EXERCISE AIM.
Skipping any pictures, repeat exactly and only the lines from the one that holds "A GROUP OF METAL" to the last line of the material, both included.

DATA BELOW.

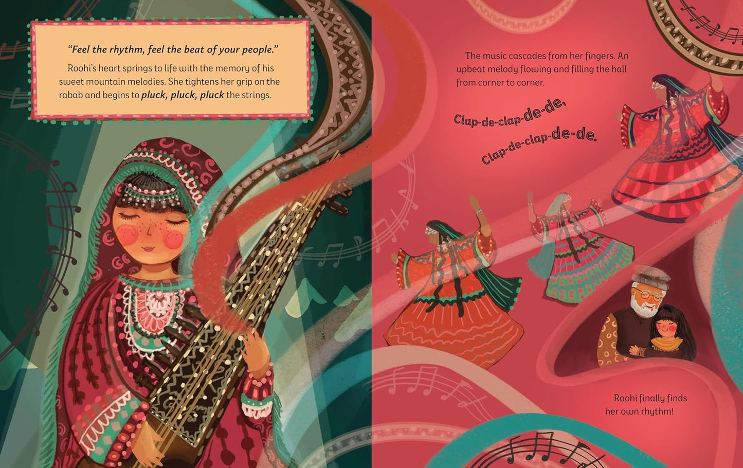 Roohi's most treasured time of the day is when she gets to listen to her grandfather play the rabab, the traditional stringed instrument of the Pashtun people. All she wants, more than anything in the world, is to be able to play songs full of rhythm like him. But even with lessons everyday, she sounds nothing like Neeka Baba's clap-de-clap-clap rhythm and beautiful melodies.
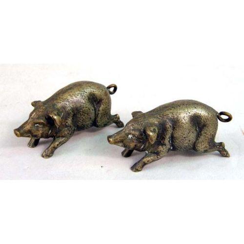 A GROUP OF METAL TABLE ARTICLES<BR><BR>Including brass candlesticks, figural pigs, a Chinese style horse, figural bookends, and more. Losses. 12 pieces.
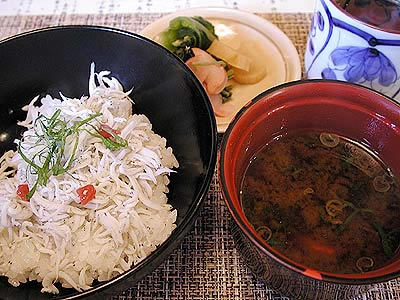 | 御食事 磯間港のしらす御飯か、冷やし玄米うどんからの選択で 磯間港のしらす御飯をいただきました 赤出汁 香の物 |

REPLY TO THE TASK.
 A GROUP OF METAL TABLE ARTICLES<BR><BR>Including brass candlesticks, figural pigs, a Chinese style horse, figural bookends, and more. Losses. 12 pieces.
 | 御食事 磯間港のしらす御飯か、冷やし玄米うどんからの選択で 磯間港のしらす御飯をいただきました 赤出汁 香の物 |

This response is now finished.